Parental Reflective Functioning Questionnaire
The Parental Reflective Functioning Questionnaire (PRFQ; Luyten et al., 2017) aims to assess parental reflective functioning. This measurement includes 18 items. Items address three subscales: pre-mentalization, certainty about mental states, and interest and curiosity in mental states. Items are ranked on a 7-point Likert-type scale (1 = strongly disagree to 7 = strongly agree). The pre-mentalization subscale is reverse scored in the total score. The Hebrew version of this scale displayed high reliability in a previous study (Gur et al., 2023); in the current study, the measurement showed good internal reliability α = .73.
Parenting Sense of Competence
The Parenting Sense of Competence (PSOC; Gibaud-Wallston & Wandersman, 1978) aims to assess parental self-efficacy. This measurement includes 17 items that represent two subscales: efficacy and satisfaction. Items are ranked on a 6-point Likert-type scale (1 = strongly disagree to 6 = strongly agree). Items 2, 3, 4, 5, 8, 9, 12, 14, and 16 are reverse scored. Higher total scores for each subscale represent greater efficacy and satisfaction, and a high total score for both subscales represents high general parental self-efficacy. This questionnaire has been used and validated in Hebrew (Ilsar, 2011). In this study, the PSOC showed good internal reliability of α = .83 (α = .82 and α = .72 for efficacy and satisfaction subscales, respectively).

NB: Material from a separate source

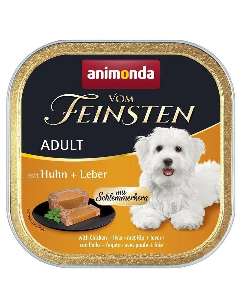 Vom Feinsten Gourmet Centre s kuracím mäsom a pečeňou je kompletné krmivo pre dospelých psov vo veku od 1 do 6 rokov vo forme jemnej paštéty s chutným, krémovým stredom. Kombinácia vybraných mäsových zložiek zabezpečuje výnimočnú chuť a skutočné kulinárske potešenie.

Multidimensional Coping Inventory
The Multidimensional Coping Inventory (Brief COPE; Carver, 1997) aims to assess participants’ coping strategies. This measurement includes 30 items ranked on a 4-point Likert-type scale (1 = I have not been doing this at all to 4 = I have been doing this a lot). We conducted an exploratory factor analysis in accordance with the BRIF COPE guide, which yielded 10 factors. Second-order factor analysis yielded four types of coping strategies: proactive, support-seeking, avoidance, and disengagement coping. A high score for each coping strategy indicates high use of the specific type of coping strategies. The results of the factor analysis in this study are similar to previous findings in the context of parents of children with severe disabilities. Gur et al. (2023) re-categorized coping strategies into four groups: proactivity, support-seeking, disengagement, and avoidance. In Hebrew, this measurement has shown a high level of reliability (Plivazky, 2009). In the current study, three subscales showed high reliability, while one showed a medium reliability score (proactive α = .74, support-seeking α = .83, avoidance α = .67, disengagement α = .60).
Procedure
The first author conducted the study as part of the master’s degree requirements, under the supervision of the second and last authors. The study was approved by an institutional review board. All measurement translations were validated in Hebrew in previous studies, and their reliability was established in the current study. Measures were completed through an online survey using Qualtrics software. It is important to note that all response fields were required, and therefore, there are no missing values in the data. Surveys were anonymous, and participants were informed that their participation was optional and that they may stop participating at any time and without any repercussions. Each participant signed an informed consent agreement before participation. Participants answered the questionnaires voluntarily with no compensation offered. Parents who participated in the current research were clarified that it is important to truthfully report their responses regarding the questions asked.
Statistical Analyses
Before examining the study aims, Shapiro-Wilk tests were conducted to examine whether the study measures deviated significantly from normal distribution. Since the results indicated that the study measures deviated significantly from normal distribution, both parametric analyses and bootstrapping techniques to assess the significance of the multivariate effects were conducted. The bootstrapping technique involves resampling techniques that do not rely on distributional assumptions. Since the results of the parametric analyses matched the results of the bootstrapping technique analyses, only the results of the parametric analyses are presented.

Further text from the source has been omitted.